Data excerpts —
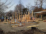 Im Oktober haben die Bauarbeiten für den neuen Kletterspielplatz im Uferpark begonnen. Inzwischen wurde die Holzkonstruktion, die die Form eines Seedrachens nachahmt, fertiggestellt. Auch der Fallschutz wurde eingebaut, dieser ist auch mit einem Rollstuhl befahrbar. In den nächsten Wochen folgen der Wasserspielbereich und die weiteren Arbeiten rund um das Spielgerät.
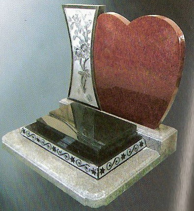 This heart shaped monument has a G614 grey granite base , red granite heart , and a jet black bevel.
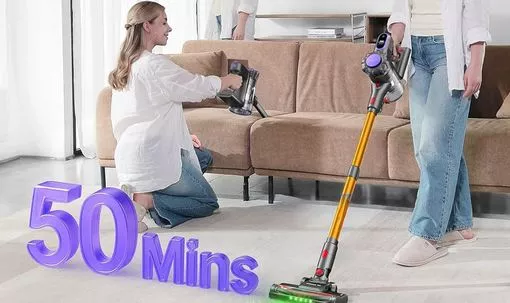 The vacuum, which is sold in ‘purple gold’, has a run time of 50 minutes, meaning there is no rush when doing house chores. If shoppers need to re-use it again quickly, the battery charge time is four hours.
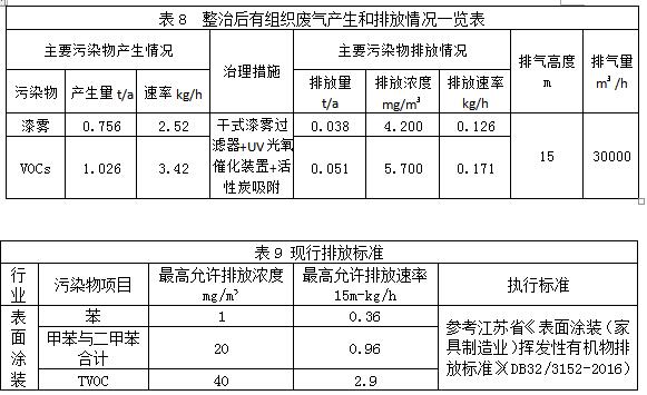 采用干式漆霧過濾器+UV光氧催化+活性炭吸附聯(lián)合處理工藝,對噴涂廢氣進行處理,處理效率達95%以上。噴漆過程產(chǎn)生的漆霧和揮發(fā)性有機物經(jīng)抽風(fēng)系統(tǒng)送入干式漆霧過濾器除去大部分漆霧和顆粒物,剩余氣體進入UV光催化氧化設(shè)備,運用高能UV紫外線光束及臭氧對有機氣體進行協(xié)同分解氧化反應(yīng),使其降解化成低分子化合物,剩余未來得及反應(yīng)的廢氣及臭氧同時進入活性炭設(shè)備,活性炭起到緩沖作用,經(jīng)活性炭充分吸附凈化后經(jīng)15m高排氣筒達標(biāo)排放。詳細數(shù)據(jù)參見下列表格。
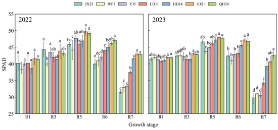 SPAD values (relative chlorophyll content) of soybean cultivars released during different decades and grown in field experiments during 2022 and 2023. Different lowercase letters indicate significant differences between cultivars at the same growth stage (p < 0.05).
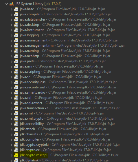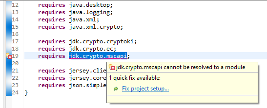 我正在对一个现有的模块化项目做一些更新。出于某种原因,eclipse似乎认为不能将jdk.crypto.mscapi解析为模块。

Required work —
Give the lines again exactly, beginning with the first line of the records above and ending with the line that contains "The vacuum, which", and include no pictures.

Result for this task —
 Im Oktober haben die Bauarbeiten für den neuen Kletterspielplatz im Uferpark begonnen. Inzwischen wurde die Holzkonstruktion, die die Form eines Seedrachens nachahmt, fertiggestellt. Auch der Fallschutz wurde eingebaut, dieser ist auch mit einem Rollstuhl befahrbar. In den nächsten Wochen folgen der Wasserspielbereich und die weiteren Arbeiten rund um das Spielgerät.
 This heart shaped monument has a G614 grey granite base , red granite heart , and a jet black bevel.
 The vacuum, which is sold in ‘purple gold’, has a run time of 50 minutes, meaning there is no rush when doing house chores. If shoppers need to re-use it again quickly, the battery charge time is four hours.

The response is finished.